Date: Sun, 02 Nov 2014 00:18:39
Message-Id: 1414887509-21930-1-git-send-email-zmedico@gentoo.org
In Reply to: [gentoo-portage-dev] [PATCH 2/5] Add IndexStreamIterator and MultiIterGroupBy. by Zac Medico
1 This IndexStreamIterator class can be used together with the
2 pkg_desc_index_line_read function to read an index file incrementally
3 as a stream.
4
5 The MultiIterGroupBy class can be used to iterate over multiple
6 IndexStreamIterator instances at once, incrementally grouping results
7 for a particular package from multiple indices, while limiting the
8 amount of any given index that must be in memory at once.
9
10 Both of these classes are used by the IndexedPortdb class in the next
11 patch of this series.
12
13 X-Gentoo-Bug: 525718
14 X-Gentoo-Bug-URL: https://bugs.gentoo.org/show_bug.cgi?id=525718
15 ---
16 This updated patch includes a logic fix to ensure that all buffered
17 objects are yielded when all of the iterators are exhausted.
18
19 pym/portage/cache/index/IndexStreamIterator.py | 27 +++++++++
20 pym/portage/util/iterators/MultiIterGroupBy.py | 82 ++++++++++++++++++++++++++
21 pym/portage/util/iterators/__init__.py | 2 +
22 3 files changed, 111 insertions(+)
23 create mode 100644 pym/portage/cache/index/IndexStreamIterator.py
24 create mode 100644 pym/portage/util/iterators/MultiIterGroupBy.py
25 create mode 100644 pym/portage/util/iterators/__init__.py
26
27 diff --git a/pym/portage/cache/index/IndexStreamIterator.py b/pym/portage/cache/index/IndexStreamIterator.py
28 new file mode 100644
29 index 0000000..972aee1
30 --- /dev/null
31 +++ b/pym/portage/cache/index/IndexStreamIterator.py
32 @@ -0,0 +1,27 @@
33 +# Copyright 2014 Gentoo Foundation
34 +# Distributed under the terms of the GNU General Public License v2
35 +
36 +class IndexStreamIterator(object):
37 +
38 + def __init__(self, f, parser):
39 +
40 + self.parser = parser
41 + self._file = f
42 +
43 + def close(self):
44 +
45 + if self._file is not None:
46 + self._file.close()
47 + self._file = None
48 +
49 + def __iter__(self):
50 +
51 + try:
52 +
53 + for line in self._file:
54 + node = self.parser(line)
55 + if node is not None:
56 + yield node
57 +
58 + finally:
59 + self.close()
60 diff --git a/pym/portage/util/iterators/MultiIterGroupBy.py b/pym/portage/util/iterators/MultiIterGroupBy.py
61 new file mode 100644
62 index 0000000..ece7a4c
63 --- /dev/null
64 +++ b/pym/portage/util/iterators/MultiIterGroupBy.py
65 @@ -0,0 +1,82 @@
66 +# Copyright 2014 Gentoo Foundation
67 +# Distributed under the terms of the GNU General Public License v2
68 +
69 +class MultiIterGroupBy(object):
70 + """
71 + This class functions similarly to the itertools.groupby function,
72 + except that it takes multiple source iterators as input.

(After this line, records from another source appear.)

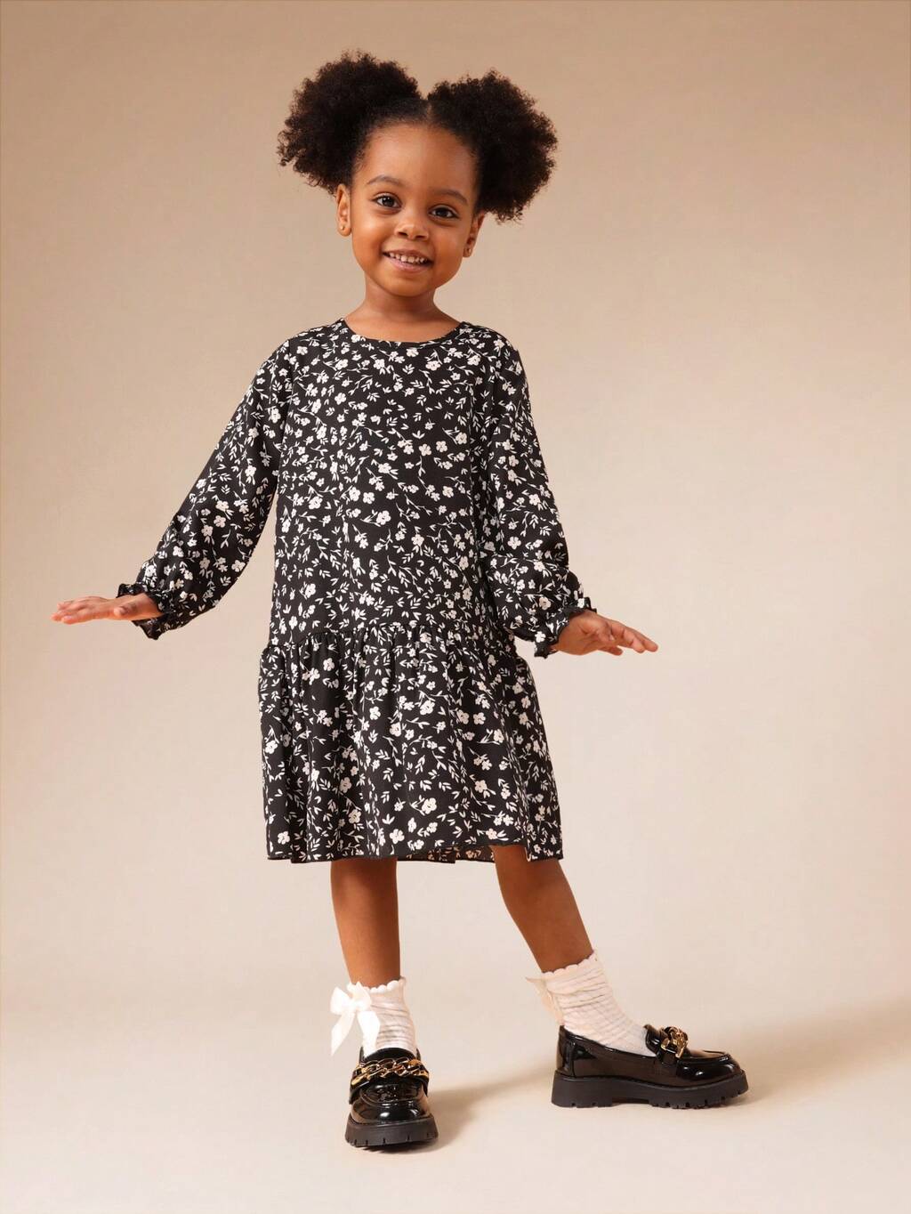 Langärmeliges Kleid mit Blumenmuster und tiefer Taille
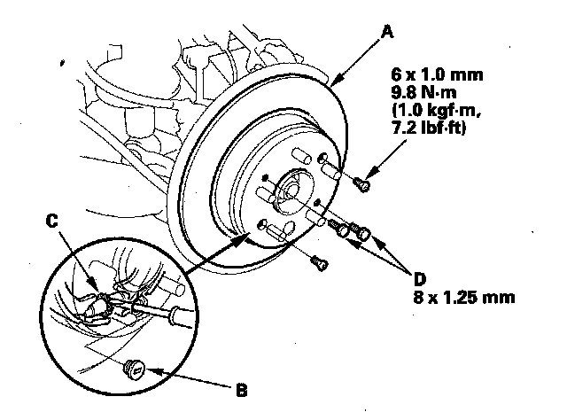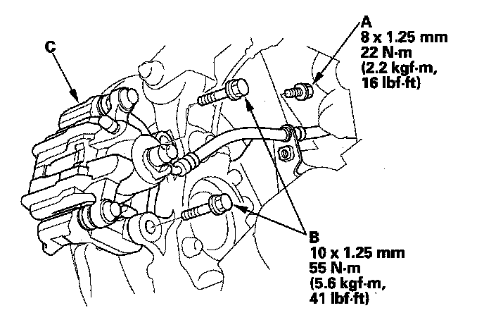 5. Remove the caliper bracket mounting bolts (B), and hang the caliper (C) to one side. To prevent damage to the caliper or brake hose, use a short piece of wire to hang the caliper from the undercarriage.
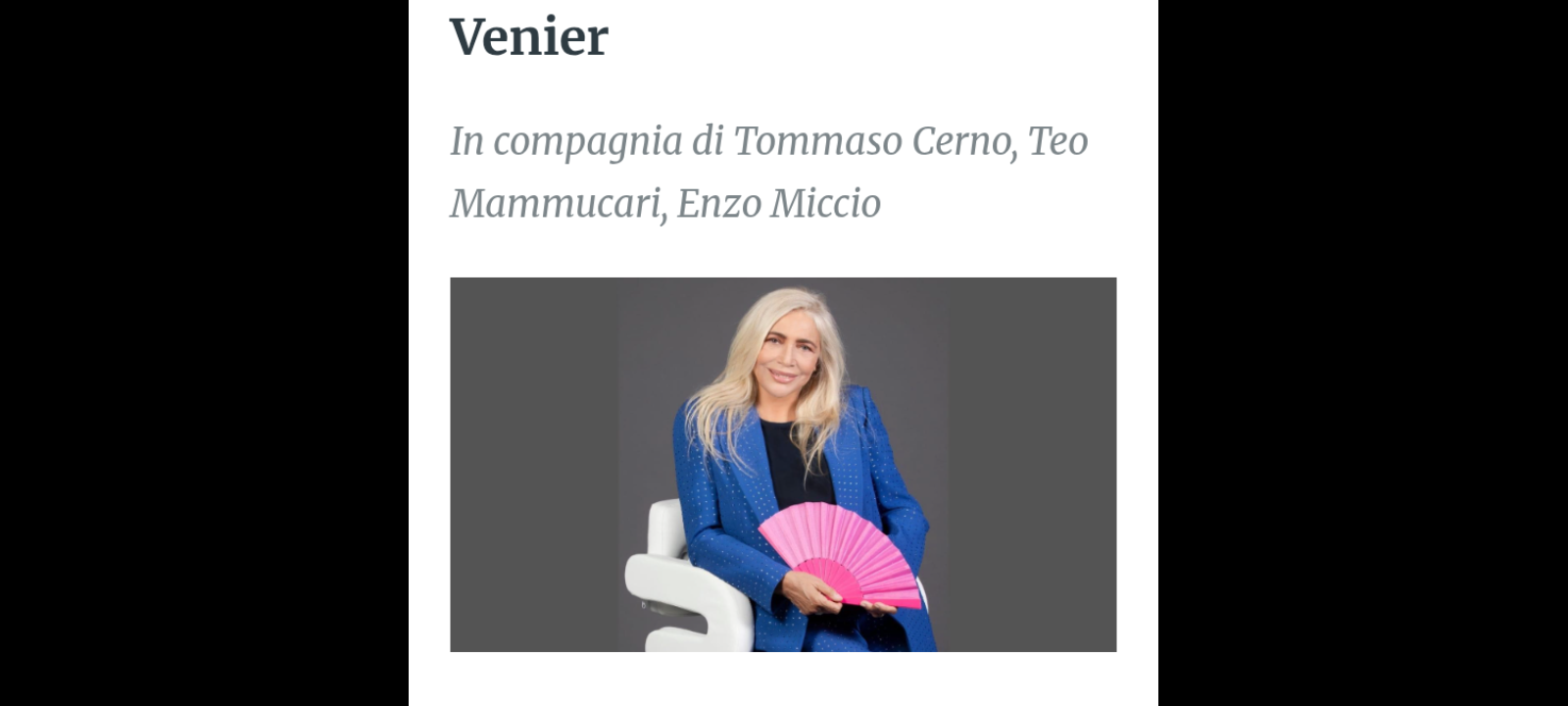 • a tu per tu con Mara Venier, Loretta Goggi si racconterà tra carriera e vita privata, mentre Pier Francesco Pingitore ripercorrerà il successo delle sue ‘Ragazze’ che hanno segnato un’epoca televisiva;
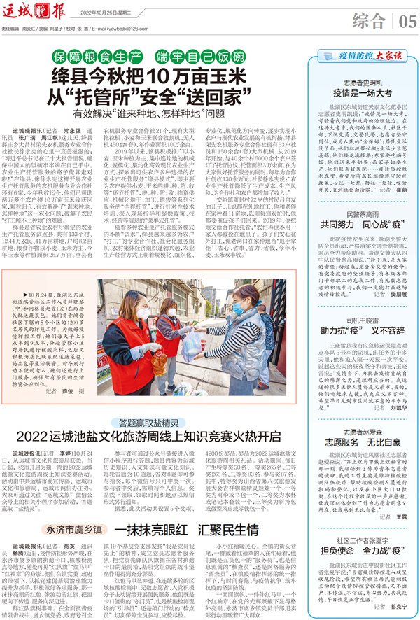 3.作品《保障糧食生產 端牢自己飯碗 絳縣今秋把10萬畝玉米從“托管所”安全“送回家” 有效解決“誰來種地、怎樣種地”問題》2022年10月25日記者 常永強 通訊員 張廣瑞 周江帆5版

The source
73 + iterators must yield objects in sorted order. A group is yielded as
74 + soon as the progress of all iterators reaches a state which
75 + guarantees that there can not be any remaining (unseen) elements of
76 + the group. This is useful for incremental display of grouped search
77 + results.
78 + """
79 +
80 + def __init__(self, iterators, key = None):
81 + self._iterators = iterators
82 + self._key = key
83 +
84 + def __iter__(self):
85 +
86 + progress = []
87 + iterators = self._iterators[:]
88 + for index in iterators:
89 + progress.append(None)
90 +
91 + key_map = {}
92 + eof = []
93 + key_getter = self._key
94 + if key_getter is None:
95 + key_getter = lambda x: x
96 + max_progress = None
97 +
98 + while iterators:
99 + min_progress = None
100 + for i, index in enumerate(iterators):
101 +
102 + if max_progress is not None and \
103 + max_progress == progress[i] and \
104 + min_progress is not None and \
105 + max_progress != min_progress:
106 + # This one has the most progress,
107 + # so allow the others to catch up.
108 + continue
109 +
110 + for entry in index:
111 + progress[i] = key_getter(entry)
112 + key_group = key_map.get(key_getter(entry))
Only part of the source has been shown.